Primary LanguagePythonGNU General Public License v3.0GPL-3.0

CorA-XML Utils

License: GPLv3 Test coverage Code style: black

CorA-XML Utils is a collection of tools for processing CorA-XML and the various associated transcription languages for historical manuscripts.

It consists of:

  • A model for CorA-XML
  • A model for transcriptions
  • Importers to read different file formats and
  • Exporters to dump the content of a data model to certain formats
  • Scripts for carrying out various combinations of these tasks.

Due to the distinction between "dipl" and "mod" tokenizations in CorA-XML, CorA requires functions that can keep track of these parallel tokenizations whenever tokens are edited in the interface. However, because the details of each project's transcription guidelines can differ, CorA relies on external scripts to manage this process. Users can of course write their own scripts to manage token editing and importing documents, but we provide our CorA-XML Utils to support the production of the requisite scripts and to offer additional functionality besides.
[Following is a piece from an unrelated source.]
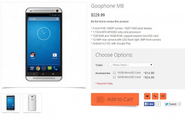 Копия нового флагманского смартфона компании HTC, официальный анонс которого запланирован только на 25 марта текущего года, появилась в продаже на сайте китайской компании Goophone. Стоимость гаджета составляет 229,99 доллара.

In order to support a new transcription standard, one must only define the regular expressions (which comprise the main functionality of a parser) in coraxml_utils/parser.py and in coraxml_utils/tokenizer.py -- insofar as the existing modules aren't compatible, in which case the existing modules can be used as a reference. Once this has been done, the rest of the functionality comes free: the included editing script (bin/check_and_parse_token) and import script (bin/trans2coraxml.py) operate on the structured internal representation of token transcriptions and thus work for any transcription standard for which there is a parser. This is then all you need to use CorA for your data. Additionally, CorA-XML Utils contains a number of export modules, for JSON, TEI, Markdown, etc. Once the parsers have been defined, these modules can help get your data into the format you need it in.

Installation

Dependencies:

  • regex
  • lxml
  • nose2
  • click

These should be installed automatically by the setup script:

pip install [--user] git+https://github.com/comphist/coraxml-utils

(NB: Your pip executable might be called pip3.)

Running tests

From the test/ directory (optionally calculating test coverage):

nose2 [--with-coverage --coverage coraxml_utils]

The data model

Corpus documents

A CorA-XML file is represented in our data model by the Document object. The internal structure of Document objects reflects the fact that they are meant to represent historical prints and manuscripts. They thus also model the layout of text on pages.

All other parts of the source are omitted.